Researchers working for Kaspersky Lab have discovered that the Duqu Trojan, believed to have been written by the people behid the Stuxnet worm, was partly written using a previously unknown programming language.
The Russian security company says this new information could help them discover how the worm was able to communicate with its Command and Control (C&C) servers. The C&C servers essentially tell the worm what to do once it has accessed a system.
Researchers analysed the Payload DLL and found one section was written in an unknown language - it is this section that communicates exclusively with the C&C server, Kaspersky said.
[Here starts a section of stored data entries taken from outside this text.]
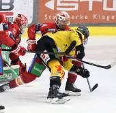 Eishockey ICE Bundesliga. Winn2day ICE Hockey League. KAC gegen HC Falkenstein Pustertal. Joshua Teves KAC Mikael Frycklund Pustertal. Klagenfurt am 5.1.2026Foto: Kuesswww.qspictures.net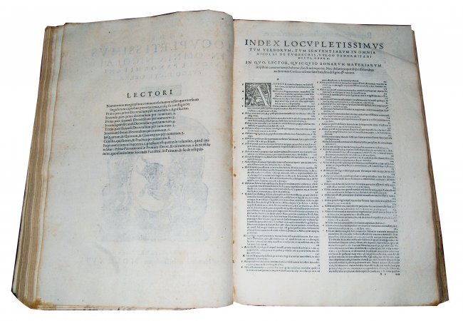 Title-page in red and black types at the first work (Consilia) and in black types at the second one (Index locupletissimus), both with a large typographical device (representing, in a decorated frame, a kicking bull who comes out of a cloud, with the Taurus constellation stars on its body and the motto: Mi coelestis origo.); Engraved head and -tail pieces, engraved headletters.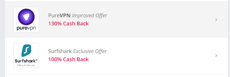 也很推薦大家透過TopCashback來購買VPN,而且VPN還蠻常在推出促銷的,像是大家常聽到的Surfshark VPN、PureVPN、NordVPN…很常是有在做活動返利接近100%,甚至還有….130%的,很誇張吧!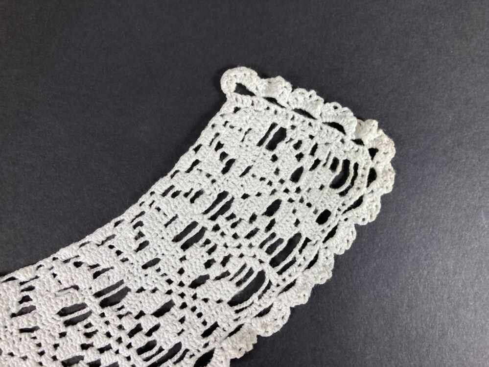 Paar wit katoenen polsmouwtjes, ajour gebreid, afgez...

They have labelled this section the Duqu Framework.
The Duqu Framework is not written in C++ and it's not compiled with Microsoft's Visual C++ 2008, "but is definitely object-oriented," Igor Soumenkov wrote on the company's blog. "The Duqu Framework appears to have been written in an unknown programming language."
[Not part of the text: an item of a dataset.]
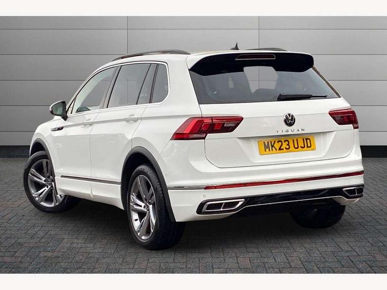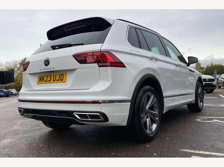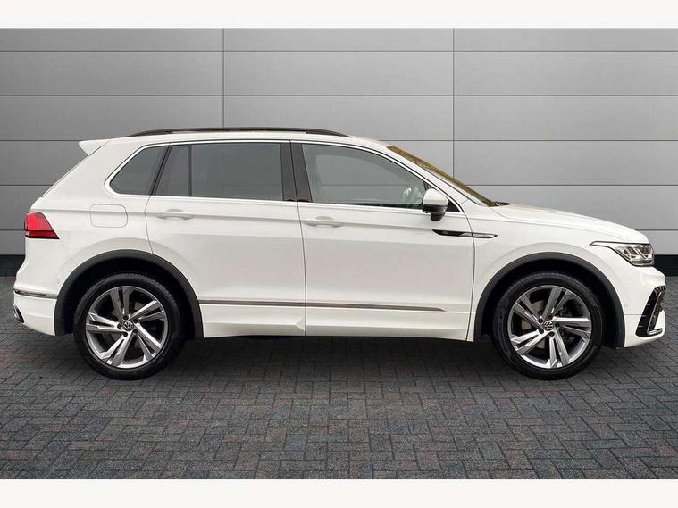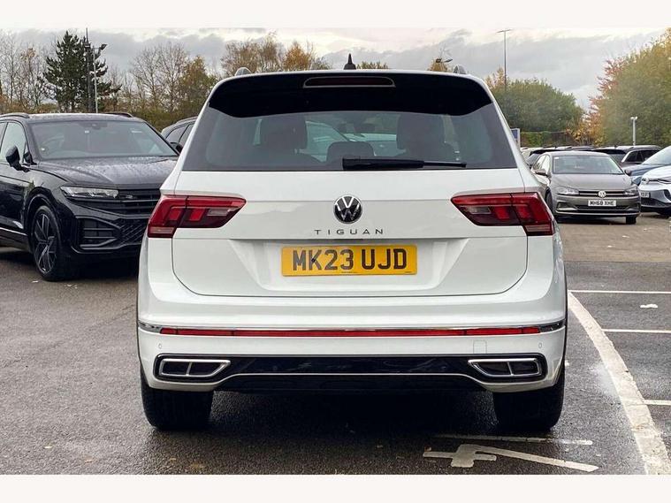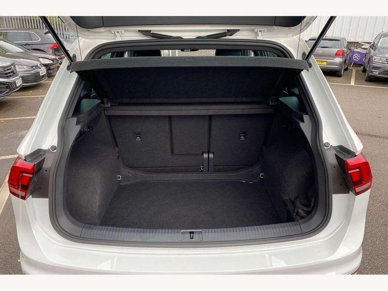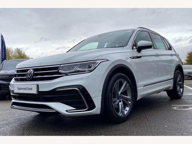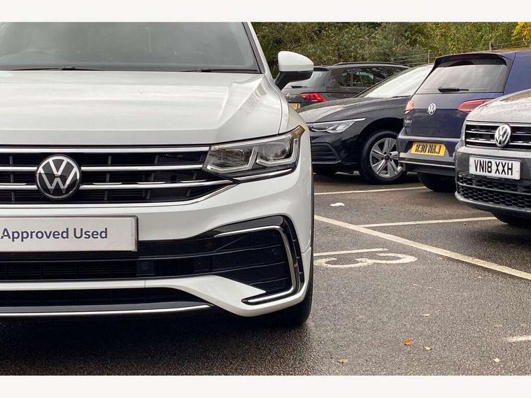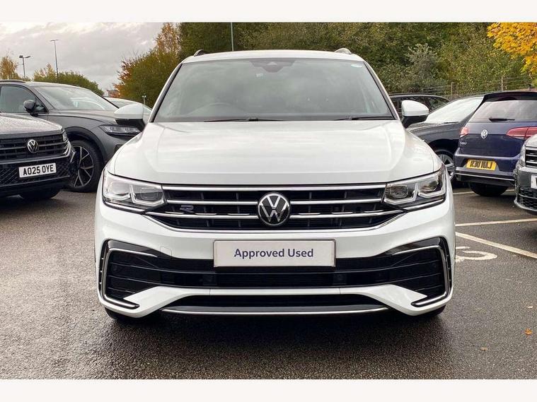 Adaptive cruise control ACC stop and go including speed limiter, App-Connect incl. App-Connect Wireless for Apple CarPlay and Android Auto, Bluetooth phone integration system, Comfort drive travel assist, Digital cockpit pro, Driver alert system, Driver profile selection, Dynamic road sign display, eCall emergency call system, Electromechanical speed sensitive power steering, Emergency assist, Front and rear parking distance sensors, Instrument cluster mph speedometer Great Britain, Lane keeping system Lane Assist, Lights on warning, Multifunction front facing camera, Outside temperature display, Premium multifunction display with multi colour display, Preparation for subsequent activation Navigation feature Discover Media includes Streaming and Internet, Remote control boot opening, Rev counter, Service interval indicator, Speed limit display, Start/stop system with regenerative braking, Tailgate/trunk lid unlocking from outside, Trip computer, Warning sound and light for doors and tailgate open, Battery regeneration during braking, Sports suspension, 8 Speakers, Digital radio reception DAB+, Diversity antenna for FM reception, Radio, Auto dimming interior rear view mirror, Automatic headlight control system, Body colored bumpers in R-Line style, Body colored exterior mirror housings, Body colour door handles, Chrome moldings on the side windows, Coming/leaving home lighting function, Dynamic headlight range control, Front and rear electric windows, Heated rear window, High level 3rd brake light, Laminated safety glass windshield, heat and sound insulating, LED headlamps with LED separate daytime running light and dynamic cornering light, LED rear combination lamps, LED rear number plate lights, License plate carrier in front and rear, Poor weather light and cornering light, Power adjustable, folding and heated door mirrors with surround lighting, front passenger exterior mirror lowering function, Privacy glass for rear side windows and rear window, R Line body kit, R Line side sills, Rain sensor, Rear exhaust tailpipe, Rear fog lamp, Rear side wing doors, Rear spoiler in R style, Rear windscreen washer and wiper with interval delay, Side and rear windows in heat insulating glass, Trailer Stability Programme, Unique R Line badging, Windscreen wipers/ intermittent wipe + 4 position delay, 12V outlet in center console rear and in luggage compartment, 12V outlet in front and tray, 2 LED front reading lights, 2 LED rear reading lights, 3 bench rear seats in 2nd row, 3 rear headrests, Air Care Climatronic 3 zone automatic climate control with enhanced air filter and controls in the rear, Art Velours greyson sports cloth upholstery, Backrest release for left front seat, Black headlining, Brushed stainless steel pedals and footrest, Carpet mats in front and rear with decorative stitching in Gray, Climate control unit rear with touch function, Door and side trim panel in foam film, insert in leatherette, Driver + front passenger lumbar support, Front footwell illumination, Front scuff plates in aluminum with R-Line logo, Front seats head restraints (x-adjustment), Height adjustable front seats, Height/reach adjust steering wheel, Isofix Preparation 2 Rear child seats, Leather gear knob, Rear bench seat asymetrically split folding, longitudinally movable and folding with load-through hatch and center armrest, Remote unlocking for rear seat backrest, Single front passenger seat, Sun visors with illuminated vanity mirrors, Top front comfort seats, Winter pack - Tiguan, 3 point seat belt for centre rear seats, 3 point seat belts with seat belt pretensioners for the outer rear seats, Curtain airbags for front and rear passengers, Driver/Front Passenger airbags, Drivers knee airbag, Electronic parking brake with auto hold, Electronic Stability Control with driver steering recommendation, ABS, ASR, EDL, EDTC and trailer stabilization, Front assist with autonomous emergency braking (for Adaptive Cruise Control ACC up to 130 mph), Front disc brakes, Front passenger airbag deactivation, Front side airbags, Height adjustable front 3 point seatbelts + pretensioners, Manual child proof rear door locks, Pedestrian monitoring system, Proactive passenger protection system in combination with front assist, Rear disc brakes, Two tone horn, Tyre pressure loss indicator, Warning sound and light for front seat belts if unfastened, Warning triangle, Anti theft alarm system with interior monitoring, backup horn and towing protection, Anti theft wheel bolts, Electronic engine immobiliser, Keyless locking and starting system keyless access with safelock, Chrome elements on the mirror switch power window switches and door pulls, Decorative inserts Carbon Gray for dashboard and front door trim panels, Interior door handle in matte chrome, 19" Valencia alloy wheels with AirStop tyres, Tool kit, Tyre mobility kit Includes 12V compressor and tyre sealant,

"After having performed countless hours of analysis, we are 100% confident that the Duqu Framework was not programmed with Visual C++. It is possible that its authors used an in-house framework to generate intermediary C code, or they used another completely different programming language," Soumenkov added.
Writing on Twitter, CEO Eugene Kaspersky said that it "seems the state behind Duqu sponsored the development of a new [programming] language."
Alexander Gostev, chief security expert at Kaspersky Lab, expanded on this: "Given the size of the Duqu project, it's possible that an entirely different team was responsible for creating the Duqu Framework as opposed to the team that created the drivers and wrote the system infection exploits."
"With the extremely high level of customisation and exclusivity that the programming language was created with, it is also possible that it was made not only to prevent external parties from understanding the cyber-espionage operation and the interactions with the C&Cs, but also to keep it separate from other internal Duqu teams who were responsible for writing the additional parts of the malicious program," he added.
The sophistication of the worm, and the fact that an entirely new programming language was created for it, points to significant financial and labour resources being behind it. Security experts have suggested that a state must have been involved in its development.
Duqu first emerged in September 2011 and is thought to have been written by the same people behind the infamous Stuxnet worm, which targeted Iran's nuclear facilities and attempted to steal highly sensitive information. Duqu worked along the same lines; acting as a backdoor into a system to steal data.
Kaspersky says that most of the recorded incident of the Duqu Trojan were located in Iran and targeted a number of industrial control systems used in a number of industries.
The company has called on the programming industry to help them identify the framework, toolkit or the programming language.